»»

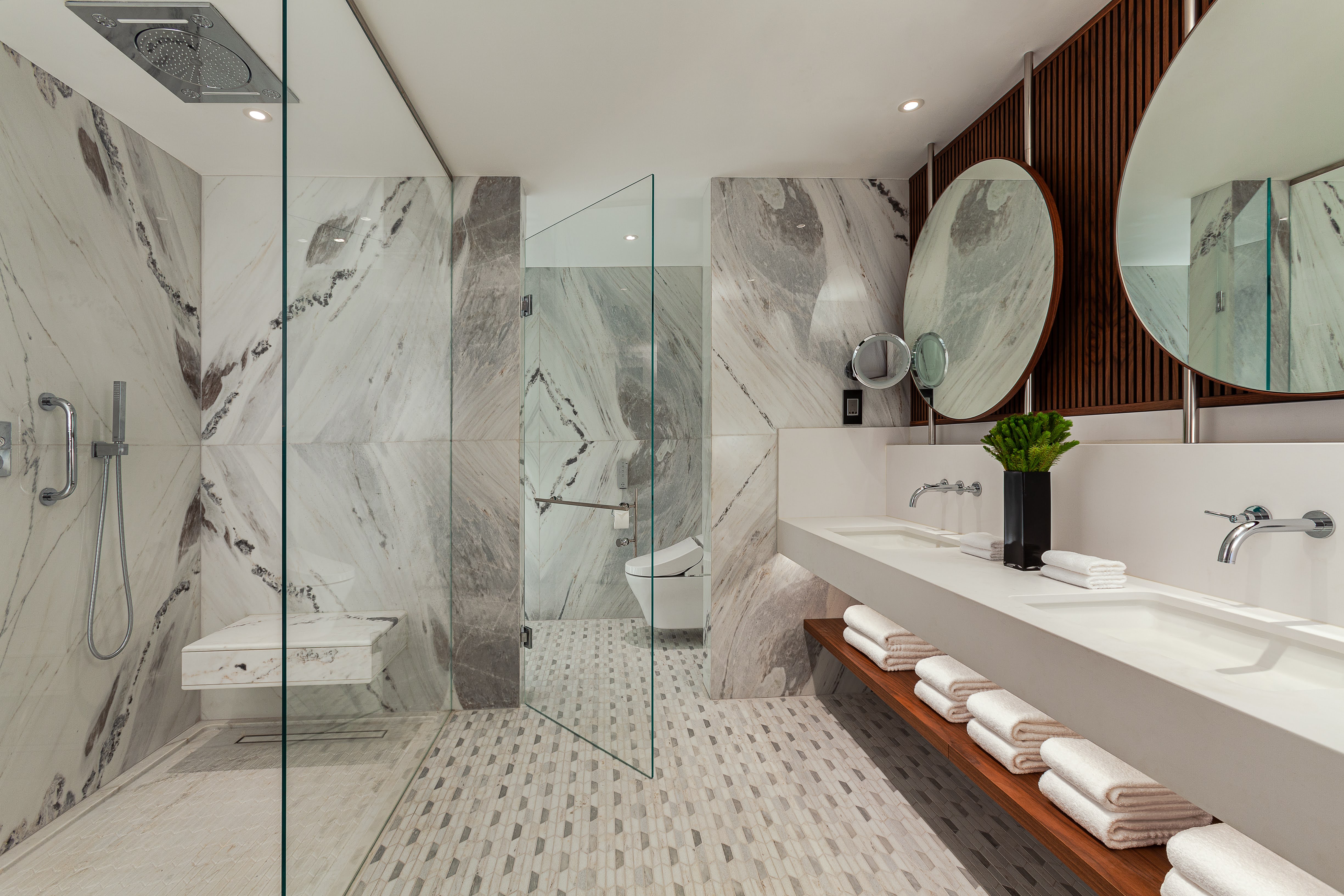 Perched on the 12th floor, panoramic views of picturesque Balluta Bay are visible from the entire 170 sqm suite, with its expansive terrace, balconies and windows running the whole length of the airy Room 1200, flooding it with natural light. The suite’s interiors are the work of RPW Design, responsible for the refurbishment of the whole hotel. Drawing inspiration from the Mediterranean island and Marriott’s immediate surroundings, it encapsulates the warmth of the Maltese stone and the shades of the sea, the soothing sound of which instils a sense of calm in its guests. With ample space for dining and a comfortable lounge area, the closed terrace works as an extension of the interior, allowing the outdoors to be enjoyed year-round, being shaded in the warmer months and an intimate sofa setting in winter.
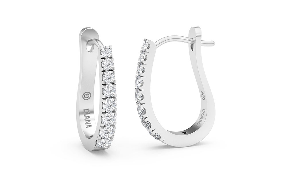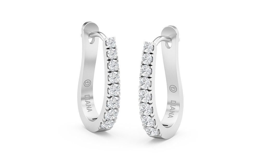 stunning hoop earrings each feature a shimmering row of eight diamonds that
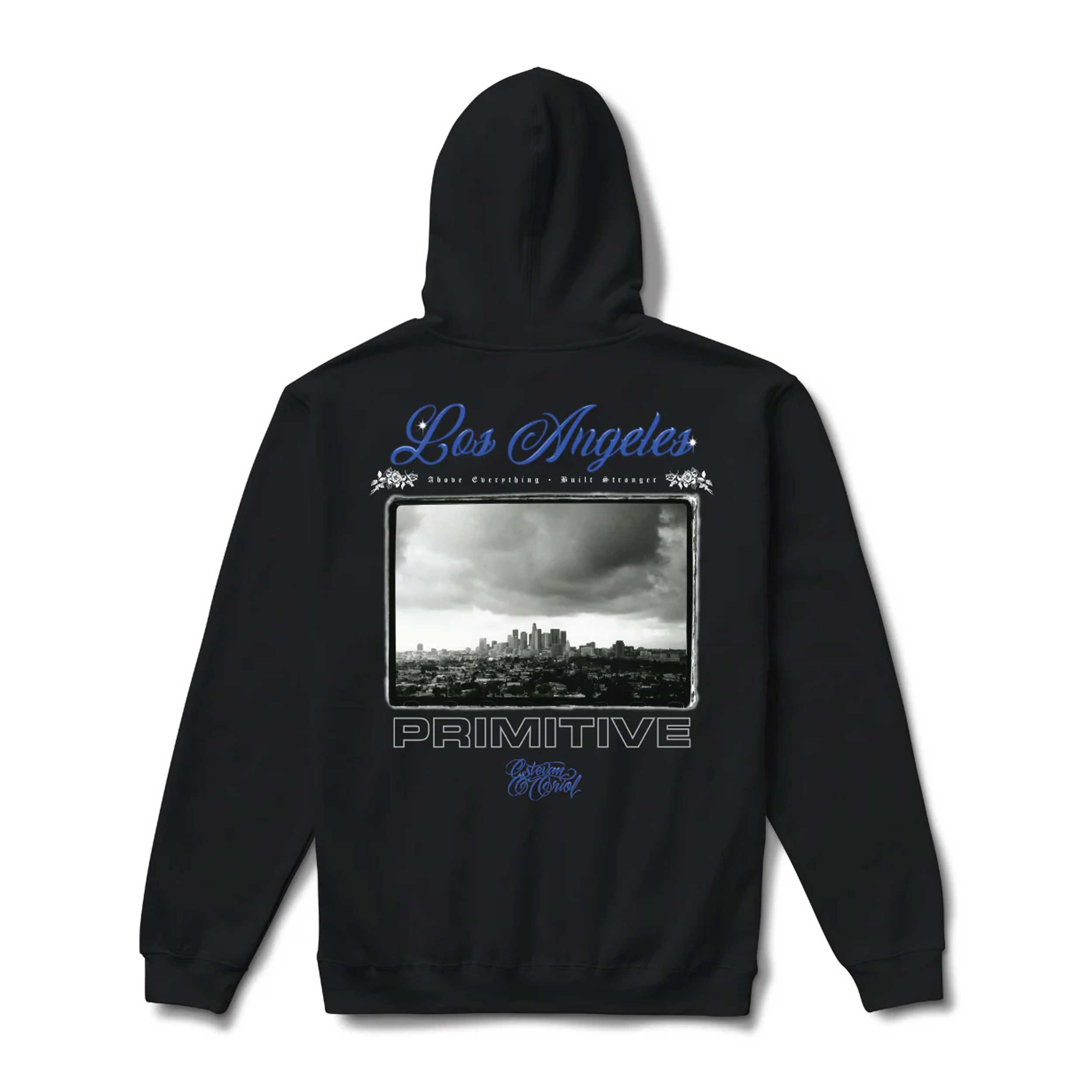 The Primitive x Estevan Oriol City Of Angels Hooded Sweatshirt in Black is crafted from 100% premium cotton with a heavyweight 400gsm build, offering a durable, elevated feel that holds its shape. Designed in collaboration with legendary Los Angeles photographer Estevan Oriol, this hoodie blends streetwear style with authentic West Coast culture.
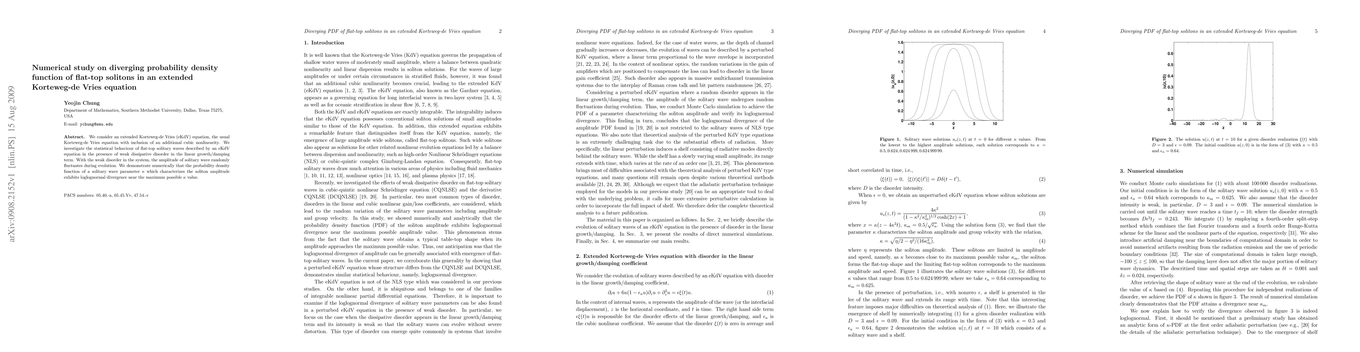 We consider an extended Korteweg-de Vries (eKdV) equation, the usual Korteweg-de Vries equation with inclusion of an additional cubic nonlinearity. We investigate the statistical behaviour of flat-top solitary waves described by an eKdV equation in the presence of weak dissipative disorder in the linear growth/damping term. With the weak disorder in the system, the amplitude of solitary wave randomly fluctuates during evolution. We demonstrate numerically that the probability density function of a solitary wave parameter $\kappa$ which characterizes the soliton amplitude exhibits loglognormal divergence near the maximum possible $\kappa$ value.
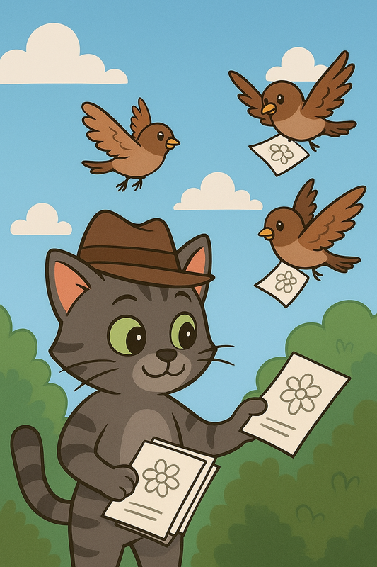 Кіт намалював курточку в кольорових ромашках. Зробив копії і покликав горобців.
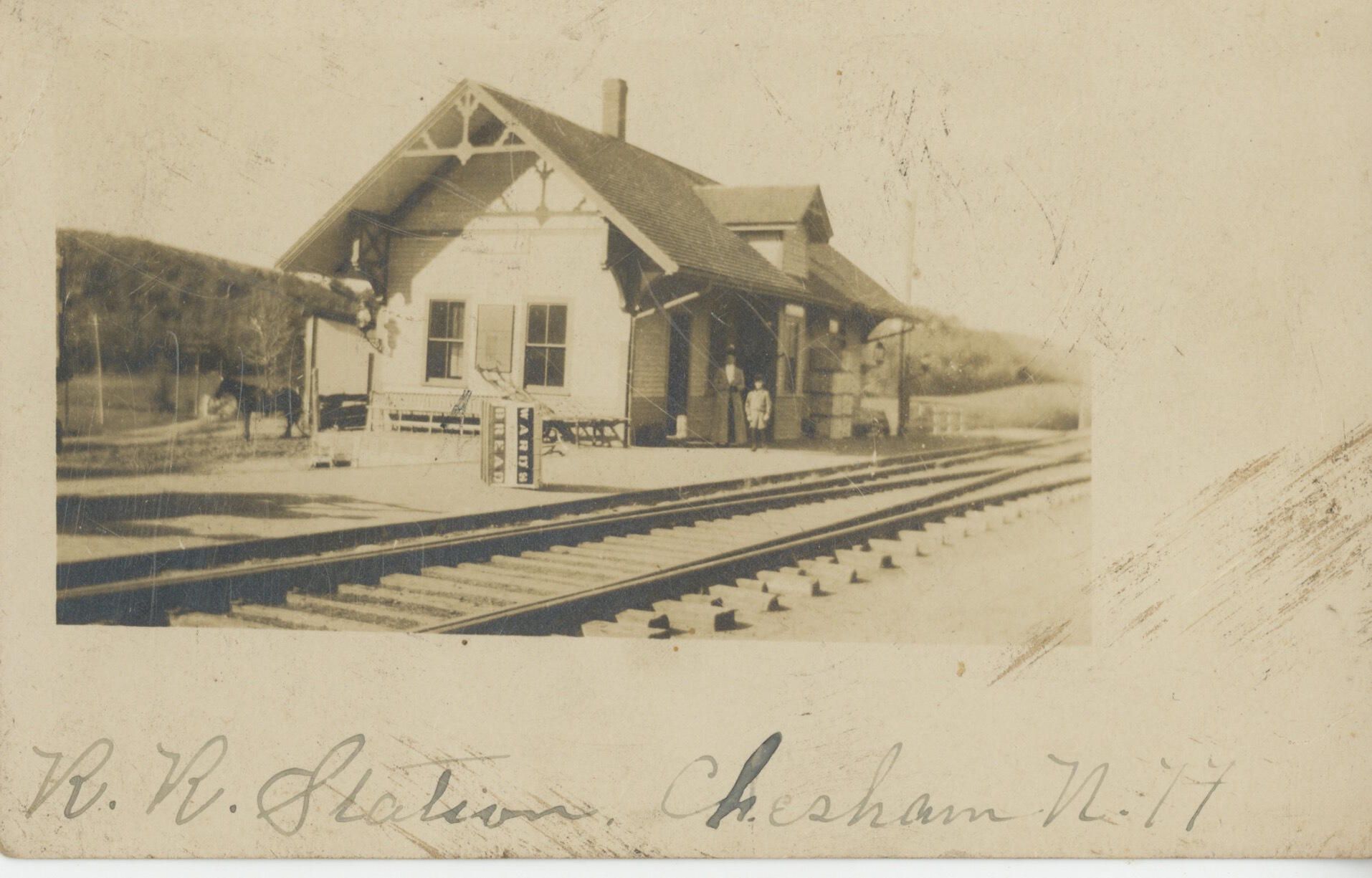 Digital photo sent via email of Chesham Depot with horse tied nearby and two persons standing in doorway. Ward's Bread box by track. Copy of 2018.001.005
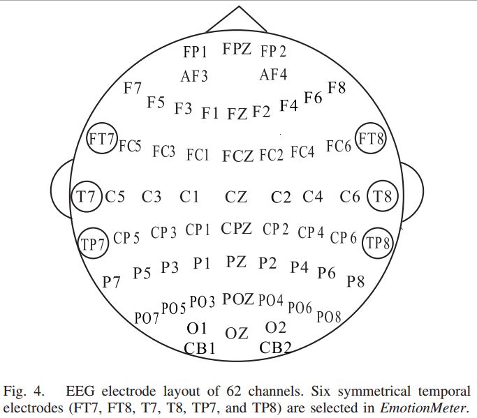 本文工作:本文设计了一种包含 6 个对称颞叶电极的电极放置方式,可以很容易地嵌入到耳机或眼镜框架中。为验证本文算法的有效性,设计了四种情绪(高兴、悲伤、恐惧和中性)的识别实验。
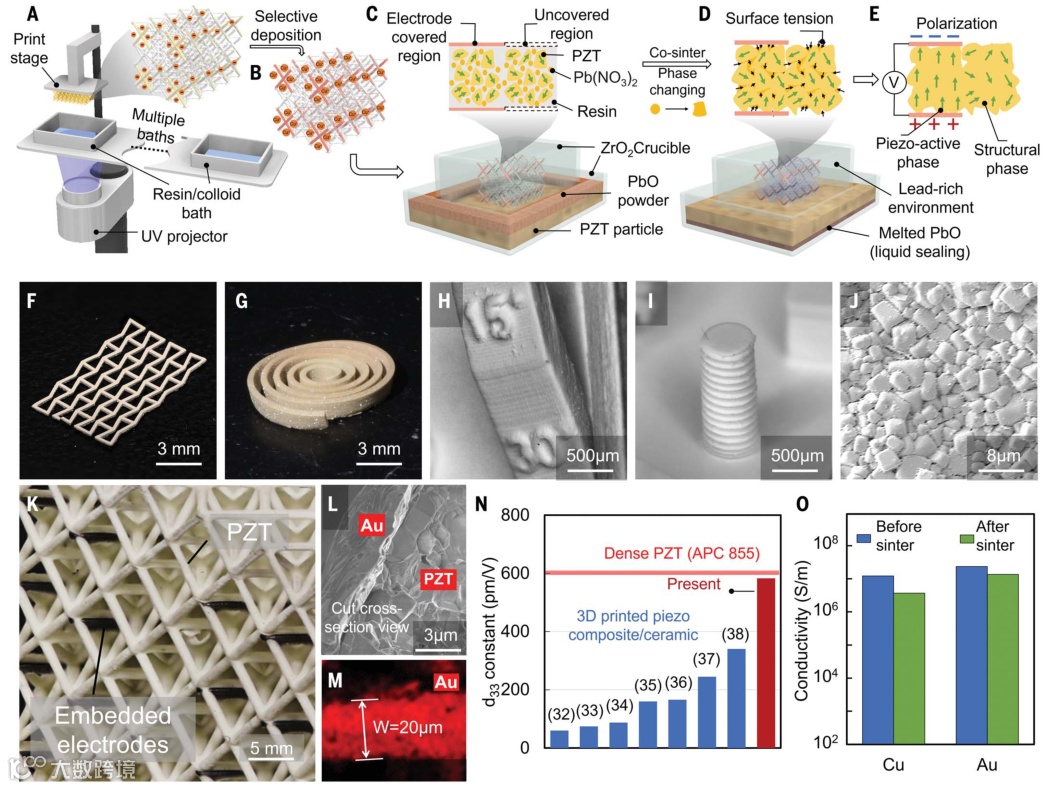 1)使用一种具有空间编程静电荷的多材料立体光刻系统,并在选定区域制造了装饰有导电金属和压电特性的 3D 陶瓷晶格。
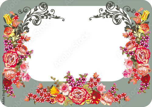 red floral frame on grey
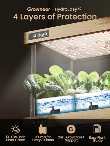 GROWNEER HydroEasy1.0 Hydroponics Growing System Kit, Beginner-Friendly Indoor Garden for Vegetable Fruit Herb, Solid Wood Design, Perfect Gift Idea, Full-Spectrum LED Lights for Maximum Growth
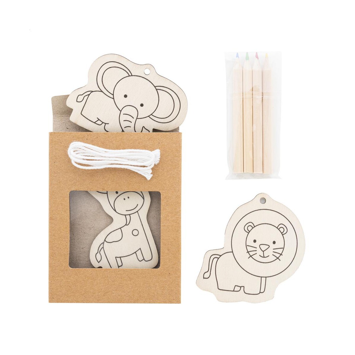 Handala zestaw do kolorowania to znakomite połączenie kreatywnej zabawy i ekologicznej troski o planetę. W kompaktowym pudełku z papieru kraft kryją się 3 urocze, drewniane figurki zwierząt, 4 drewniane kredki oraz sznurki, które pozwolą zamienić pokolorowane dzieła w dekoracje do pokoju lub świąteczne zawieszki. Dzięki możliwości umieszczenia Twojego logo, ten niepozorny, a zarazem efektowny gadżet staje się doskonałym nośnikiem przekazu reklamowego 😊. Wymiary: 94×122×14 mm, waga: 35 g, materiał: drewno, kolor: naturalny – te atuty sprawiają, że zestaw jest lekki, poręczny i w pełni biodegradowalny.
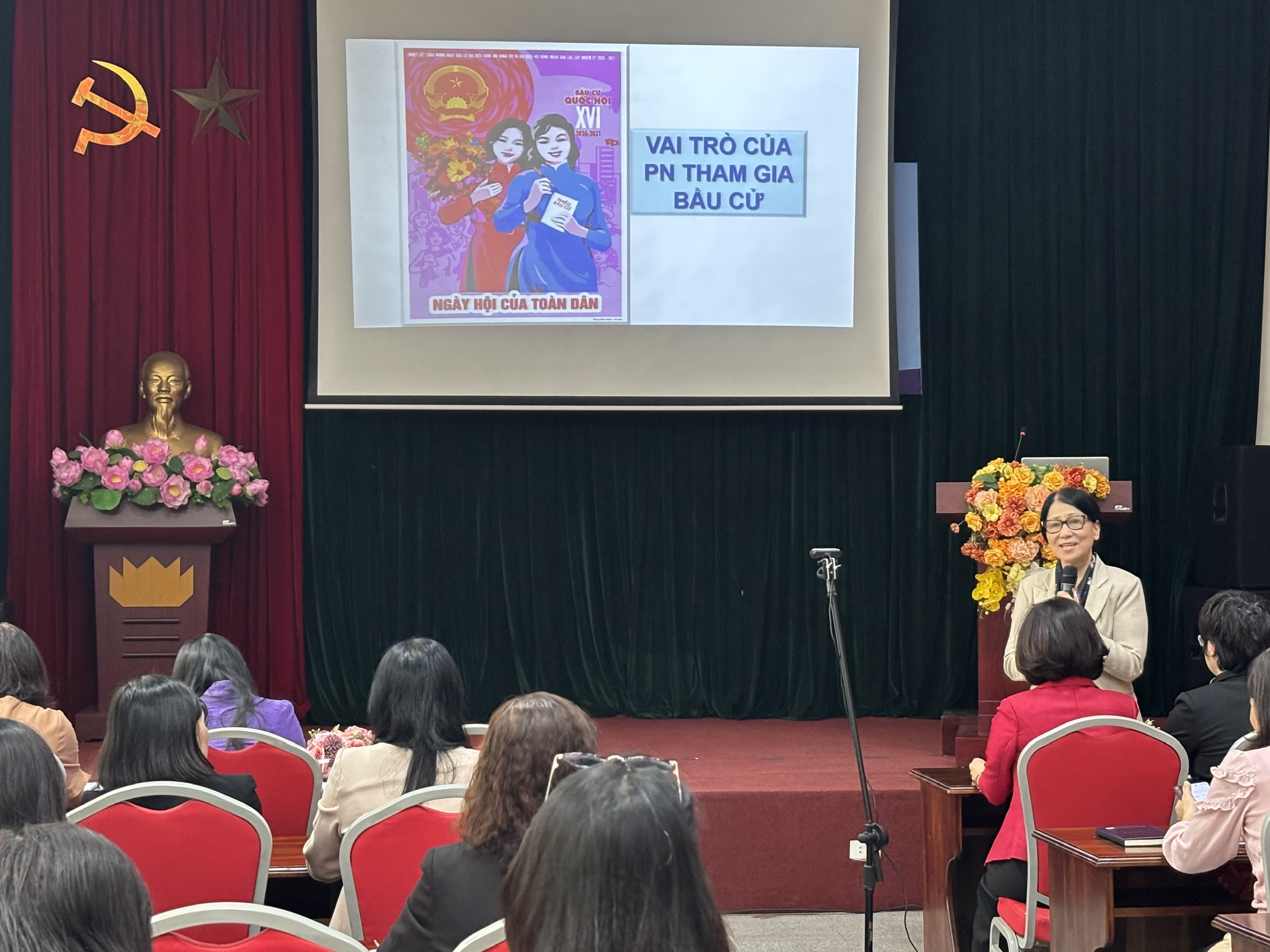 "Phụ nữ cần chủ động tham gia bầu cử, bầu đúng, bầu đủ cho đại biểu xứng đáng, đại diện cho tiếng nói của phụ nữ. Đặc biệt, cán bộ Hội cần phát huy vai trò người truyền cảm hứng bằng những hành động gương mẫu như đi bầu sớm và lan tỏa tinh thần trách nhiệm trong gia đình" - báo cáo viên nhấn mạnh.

««

### WORK ITEM
Within the listing above, the lines from the one with "Кіт намалював курточку" through the one with "GROWNEER HydroEasy1.0 Hydroponics" are to be given again word for word. Do not include pictures.

### THE ANSWER
 Кіт намалював курточку в кольорових ромашках. Зробив копії і покликав горобців.
 Digital photo sent via email of Chesham Depot with horse tied nearby and two persons standing in doorway. Ward's Bread box by track. Copy of 2018.001.005
 本文工作:本文设计了一种包含 6 个对称颞叶电极的电极放置方式,可以很容易地嵌入到耳机或眼镜框架中。为验证本文算法的有效性,设计了四种情绪(高兴、悲伤、恐惧和中性)的识别实验。
 1)使用一种具有空间编程静电荷的多材料立体光刻系统,并在选定区域制造了装饰有导电金属和压电特性的 3D 陶瓷晶格。
 red floral frame on grey
 GROWNEER HydroEasy1.0 Hydroponics Growing System Kit, Beginner-Friendly Indoor Garden for Vegetable Fruit Herb, Solid Wood Design, Perfect Gift Idea, Full-Spectrum LED Lights for Maximum Growth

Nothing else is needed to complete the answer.